松宮慎治の憂鬱

タイトルは友人が考えたもので,某アニメのことはわかりません。

家庭の学校外教育支出を支援する「スタディクーポン・イニシアティブ」に添えられた望月優大氏の文章が素晴らしい

望月優大氏の文章が素晴らしかったので,シェアします。
hirokimochizuki.hatenablog.com

自分の家はひとり親家庭でした。
相対的に言えば、貧しかったと思います。
でも、母親が踏ん張って教育の機会を与えてくれました。自分が望む全ての教育を受けさせてくれた。今思えばどうやってやりくりしたのか想像もつかないし、だからこそ本当に感謝の思いしかありません。
彼女にもらった機会のおかげで、今の自分がある。それは100%そうだと言える。
いま自分が、困っている人、弱っている誰かを支える人になりたい、そう思えていること、その可能性の根っこの部分に、母親のこの踏ん張りがあったことを本当に確信しています。
ただ、30も過ぎたこの歳になって思うこともあります。
この困難は、母親がたった一人で、自分の食費を削ってまで、背負わなければいけないものだったのか。
収入も少ないひとり親の母親にそこまでの負担を強いる、そんな社会で良かったのか。
そして、そうである社会を、そのまま、次の世代へと残していく。32歳にならんとする自分は、本当にそれで良いのか。
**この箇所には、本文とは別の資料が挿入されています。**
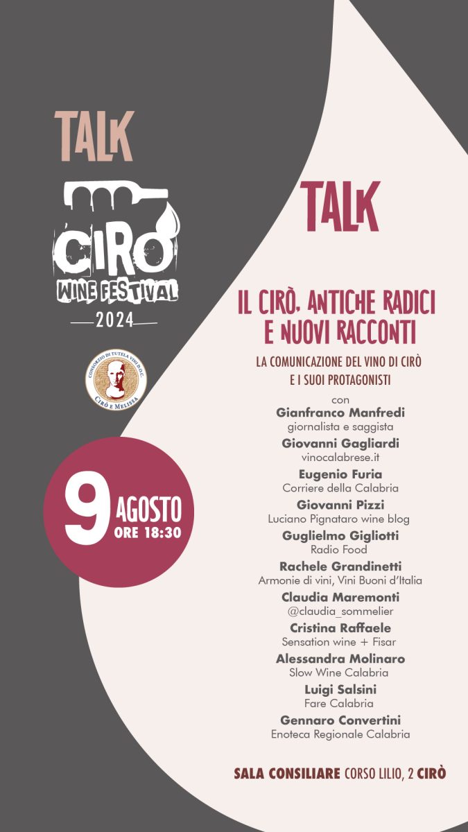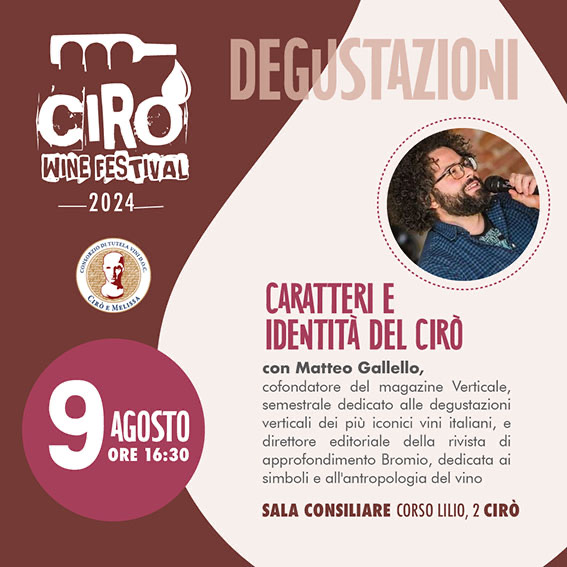 Il 9 agosto Cirò accoglie la masterclass con il cofondatore del magazine Verticale e il confronto tra la stampa enogastronomica e i wine influencer calabresiUna tradizione vinicola secolare, come quella di Cirò, si mostra nei giorni del Cirò Wine Festival nella sua multiformità. Il territorio e le storiche famiglie di produttori, accanto ai giovani vignaioli che hanno riscoperto la forza e la bellezza della viticoltura che qui si pratica da generazioni, la tutela della biodiversità e il carattere autentico di una identità che qui si intreccia con la storia del vino italiano. L’evento del “Consorzio di tutela e valorizzazione dei vini Cirò Doc e Melissa Doc” che è nel pieno della programmazione di eventi collaterali proposti dalle e nelle cantine, si appresta ad entrare nel vivo con la degustazione di giorno 9 agosto a cura di Matteo Gallello – cofondatore del magazine Verticale, semestrale dedicato alle degustazioni verticali dei più iconici vini italiani, e direttore editoriale della rivista di approfondimento Bromio, dedicata ai simboli e all’antropologia del vino – con inizio alle ore 16:30 presso la sala consiliare del comune di Cirò. Qui il link per la prenotazione https://www.eventbrite.it/e/biglietti-degustazione-caratteri-e-identita-del-ciro-966360599567?aff=ebdssbdestsearchUn momento per approfondire – attraverso l’assaggio di sei vini degustati alla cieca (due bianchi, due rosati e due rossi) – il carattere e l’identità del territori del vino calabrese tra i più straordinari per esperienze produttive, storicità e narrazioni che confluiscono nella Doc istituita oltre mezzo secolo fa per valorizzare una tradizione enologica che ha radici profonde con il territorio.
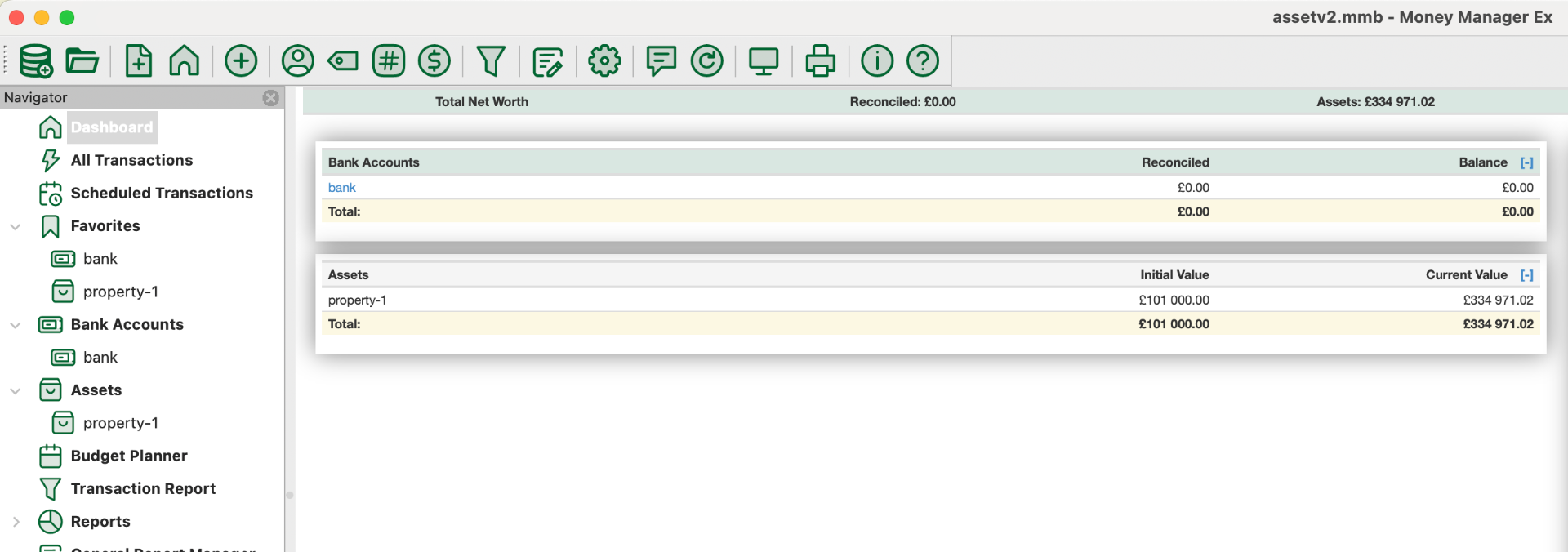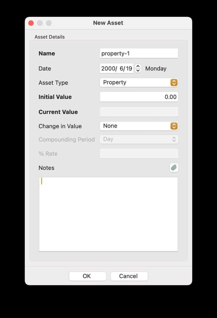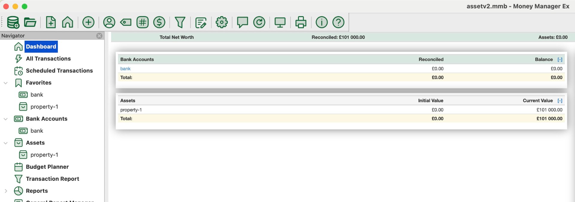 Then, create the asset of the house at 100,000, and set an appreciation factor of x% based on market conditions. MMEX will then keep the value updated. Your net worth is now 1,000 less than it was at the start of the process, being the payment to the solicitor, with the asset offsetting the reduction of 100,000 from the bank account.

自分には,「スタディクーポン・イニシアティブ」という取組みの将来に向けた可能性については,正直判断がつきませんでした。
学校外教育支出を,公教育との兼ね合いの中でどのように考えればよいのか,というのも悩ましいところです。
しかしながら,上記の望月氏の文章からは,量は短いながらも,力強さと情熱を感じました。
この文章は,日本においては教育が限りなく私事性の高いものであり,教育をどの程度受けられるかということが,自己責任に帰結してしまっているという問題を端的に表現しています。
したがって,大学関係者の一人としてこの取組みを応援するとともに,自分は自分で別の場所で,近い問題意識をもちながら貢献したいという気持ちにさせられました。